Supreme Court ducks conflict on Garcetti
This morning, the Supreme Court declined to hear two cases that raise a conflict among the circuits about whether the First Amendment protects government employees who refuse to make false statements. The Court denied petitions for certiorari by David Bowie, a former official of the District of Columbia (DC) Office of Inspector General (OIG), and by Matthew Byrne, Police Chief of Middletown, New York. Bowie had lost his First Amendment case in the District of Columbia Circuit. Meanwhile, the Second Circuit held that Byrne had to answer Jason Jackler's claim that he suffered retaliation for refusing to make false statements in an excessive force investigation. The Supreme Court's decision to avoid the issue means that public employees in New York, Vermont and Connecticut will have protection when they refuse to make false statements, but those in DC will not. The rights of public employees in other states remains undecided.

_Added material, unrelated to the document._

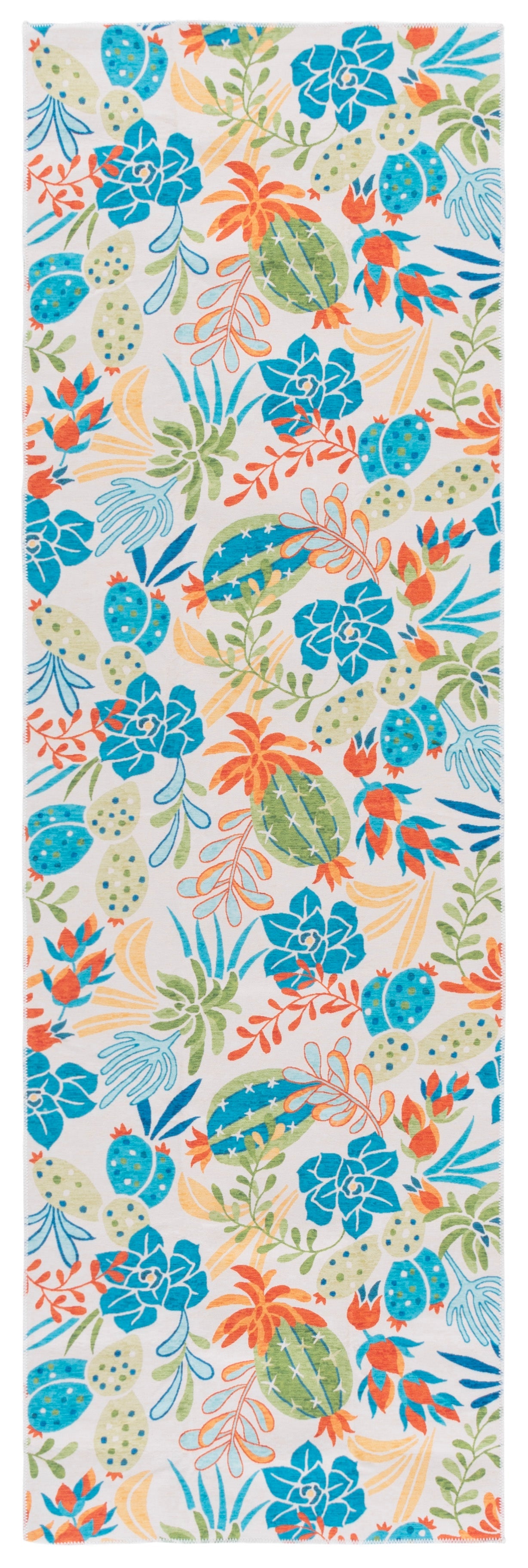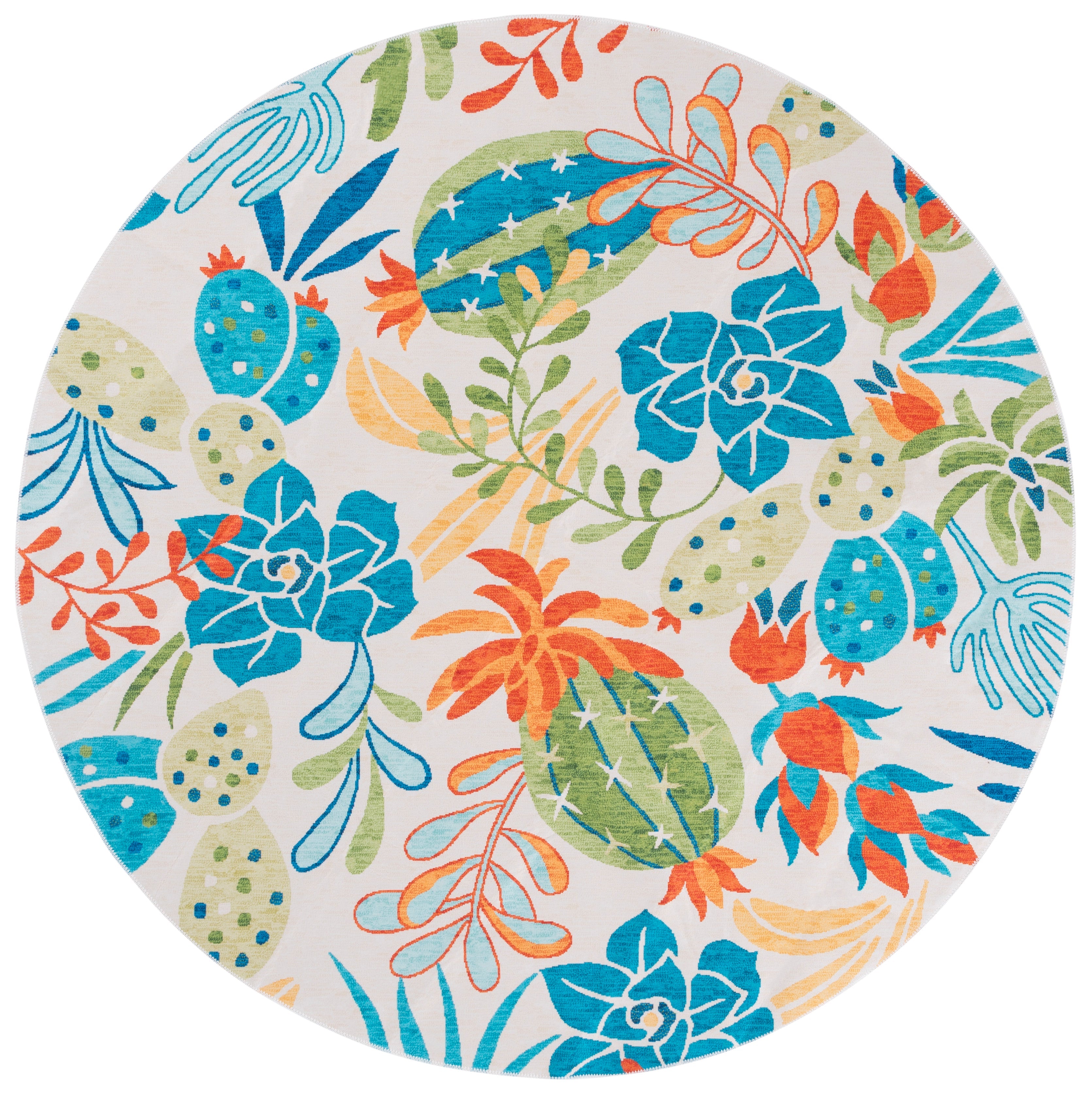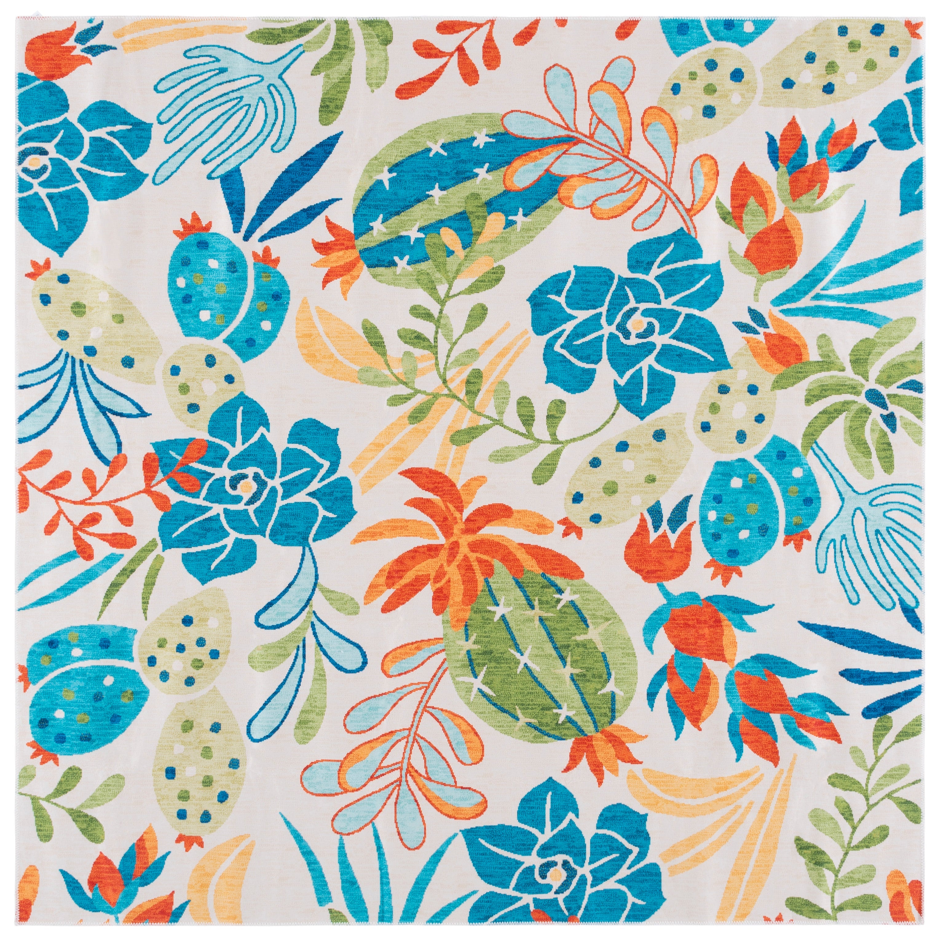 Its construction from durable polyester ensures a design that's both washable and slip-resistant, offering practicality alongside its decorative appeal. The delightful pattern portrays a whimsical botanical array, adding a dash of nature-inspired aesthetics to the rug's modern style.

The outcome for David Bowie is particularly troubling. According to the Second Circuit, Bowie was the Assistant Inspector General of the Investigations Division at the OIG from November 1997 until his termination in August 2002. DC officials say they fired Bowie for performance problems. But Bowie says his termination was to punish him for supporting Emanuel Johnson, a subordinate whom the OIG fired over Bowie's dissent. Bowie and Johnson had worked together in a class action race discrimination lawsuit against the Federal Bureau of Investigation (FBI). Inspector General Charles C. Maddox, told Bowie that FBI Assistant Director Jimmy C. Carter had threatened not to "provide any assistance or cooperation with the [OIG] in investigative matters" if Johnson was involved. Maddox ordered Bowie to fire Johnson, and Bowie complied in 2000. After Johnson filed a race discrimination complaint, DC's attorney and the OIG's attorney ordered Bowie to sign an affidavit about Johnson's performance problems. Bowie refused, citing "misstatements of fact" and "language that would convey impressions that [he] would not agree with." The OIG attorney invited Bowie to prepare his own affidavit, which Bowie did. That affidavit cited one performance issue, called Johnson an otherwise "model investigator," and recounted how Bowie wanted to keep Johnson employed. The OIG decided not to use Bowie's affidavit in defense of Johnson's claim. Thereafter, Bowie's performance appraisal's dropped, he was removed from a high-profile investigation, and a subordinate was promoted to a superior position. Management criticized Bowie for "not stepping up to the plate" and for overprotectiveness toward his subordinates. Eventually, Maddox fired Bowie in 2002.